Веда отдернула руку. Она смотрела на лицо старухи, на это нечеловеческое спокойствие, и внутри у неё всё кричало. Кричало от противоречия. Это было неправильно. Это было чудовищно. Это было убийство, каким бы чистым оно ни выглядело. Но… но в тишине того эха не было протеста. Не было даже намёка на насилие.

Зодчий не просто убил праведницу. Он создал для неё идеальную смерть. Красивую, осмысленную, принятую. Он сделал её соучастницей. Он стёр грань между преступлением и… благословением.

– Отравление, – тихо сказал подошедший эксперт. – Что-то быстродействующее и безболезненное. Скорее всего, в той воде. Она выпила и уснула. Навсегда.

Штерн стоял в дверях часовни, лицо его было каменной маской. Он смотрел на Веду.

– Ну что, профессор? Это убийство?

Веда не ответила сразу. Она смотрела на свечи, на чистое лицо Марии Семёновны, на нож без крови.

– Это… ловушка, – наконец выдавила она. – Этическая ловушка. Если я признаю это убийством, я отрицаю её право на достойный уход, её видимое согласие. Я становлюсь тем, кто навязывает свою волю даже мёртвым. Если я не признаю… я оправдываю его право вершить суд жизни и смерти. Я становлюсь его сообщником.

Она обернулась к Штерну, и в её глазах, впервые за всё это время, он увидел не холодный огонь анализа, а беспомощную, человеческую растерянность.

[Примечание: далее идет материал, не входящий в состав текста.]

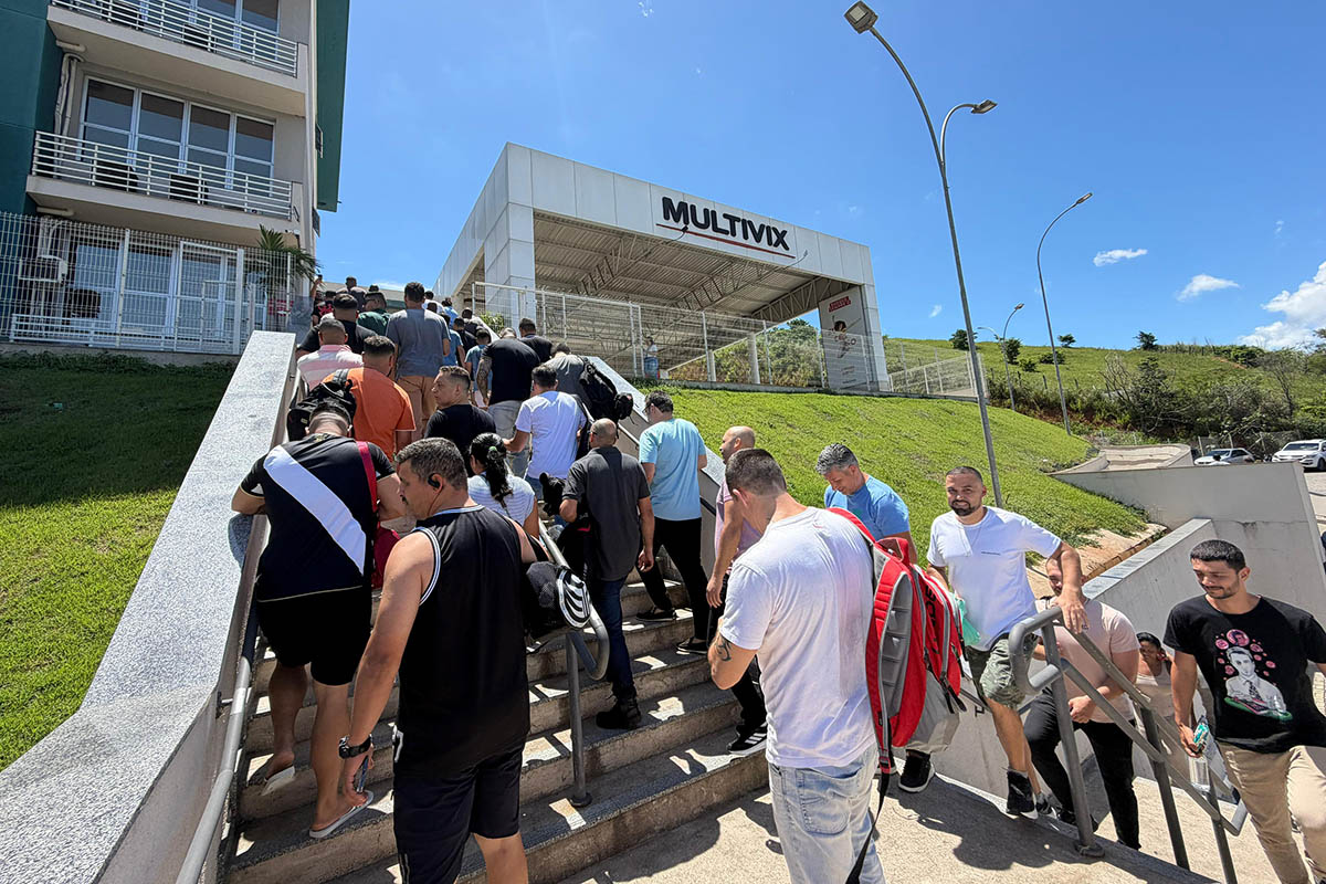 Mesmo o calor de quase 30 graus em Cachoeiro não desanimou candidatos como o vigilante Breno Sella. Ele foi o primeiro a entrar no campus da Faculdade Multivix do bairro Monte Belo, às 13 horas, e falou que chegar cedo ajuda a enfrentar a adrenalina do dia de prova. “Para chegar na sala e ficar tranquilo, porque a ansiedade bate forte. Depois que você entra, já melhora”.

– Он поставил меня в положение Бога, которому нужно решить: что важнее – святость жизни как факта или святость воли как выбора? И не дал правильного ответа. Потому что его нет.

Она вышла из часовни на холодный утренний воздух. Свечи внутри продолжали гореть, отбрасывая свет на её спину. Позади оставалась не просто жертва. Оставался вопрос, вбитый в плоть реальности.

Зодчий сделал свой ход. Он показал, что может быть не только карающей, но и дающей рукой. Он продемонстрировал, что его система – не просто месть, а всеобъемлющая космология, где есть место и гневу, и милости.